# Installer Gentoo Usb

## cherif1969

Bonjour

je me lance sur gentoo ... et j'aimerai l'installer à partir d'une clé usb

donc j'ai bien préparé la cle usb pour une installe minimal

elle boote bien .. etc 

mais en Default j'ai une erreur alors je choisi gentoo 

là tout va bien

ensuite j'arrive à l'invite de commande ... il ne reconnait même pas la commande emerge

ensuite je voudrais avoir l'internet en wifi là encore il n'a pas reconnu ma wifi usb

alors j'ai ce problème de wifi et emerge non reconnu ...

pouvez-vous m'aider ?

Merci

ma clé usb wifi : tew-624UB

----------

## augustin

Je suis nouveau ici, donc je doute pouvoir aider.

Mais votre poste manque de détails qui puissent permettre à d'autre d'aider.

Pouvez-vous compléter un peu?

Pour commencer, comment avez-vous préparé votre clé usb?
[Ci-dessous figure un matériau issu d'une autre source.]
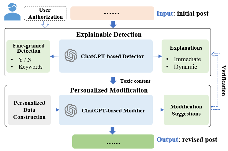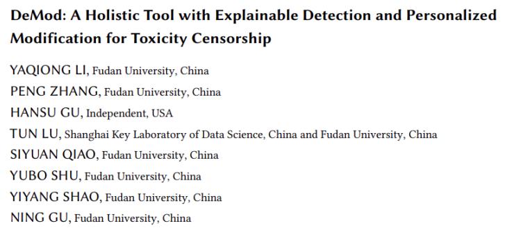 ?近期,實驗室博士生李亞瓊作為第一作者的論文“DeMod: A Holistic Tool with Explainable Detection and Personalized Modification for Toxicity Censorship”被The ACM Conference on Computer-Supported Cooperative Work and Social Computing (CSCW) 會議錄用。面對在線社區(qū)毒性內容審查,用戶有多樣性的需求,如結果理解和內容修改等。針對這一問題,我們進行了形成性研究,調查社交用戶對毒性內容審查的不同需求及相應的設計期望,并構建了基于ChatGPT的審查工具DeMod。DeMod具有可解釋性檢測和個性化修改功能,可以向社交用戶提供毒性內容的細粒度檢測結果、詳細的結果解釋和個性化修改建議。最后,自動評估和人類評估相結合的驗證結果表明了DeMod在功能豐富性、審查準確性和工具易用性等方面的優(yōu)勢?;谶@些發(fā)現(xiàn),我們進一步提出了對未來內容審查系統(tǒng)設計的見解。

Quelles sources (quelle image) avez-vous installé dessus?

----------

## SirRobin2318

Bonjour, 

utilise SysRescueCD à la place: http://www.sysresccd.org/SystemRescueCd_Homepage

Il a un meilleur support wifi. 

Sinon, je ne crois pas que le systeme d'installation ait besoin d'emerge du tout. 

C'est dans ton chroot que tu utiliseras cette commande, après l'avoir installé avec l'étape stage3.

https://wiki.gentoo.org/wiki/Handbook:Main_Page

----------

## SirRobin2318

Le handbook sur le wiki est le plus à jour, mais la VF n'a pas l'air de fonctionner. Si t'as des doutes compare avec l'ancienne VF:

http://www.gentoo.org/doc/fr/handbook/handbook-amd64.xml?full=1

----------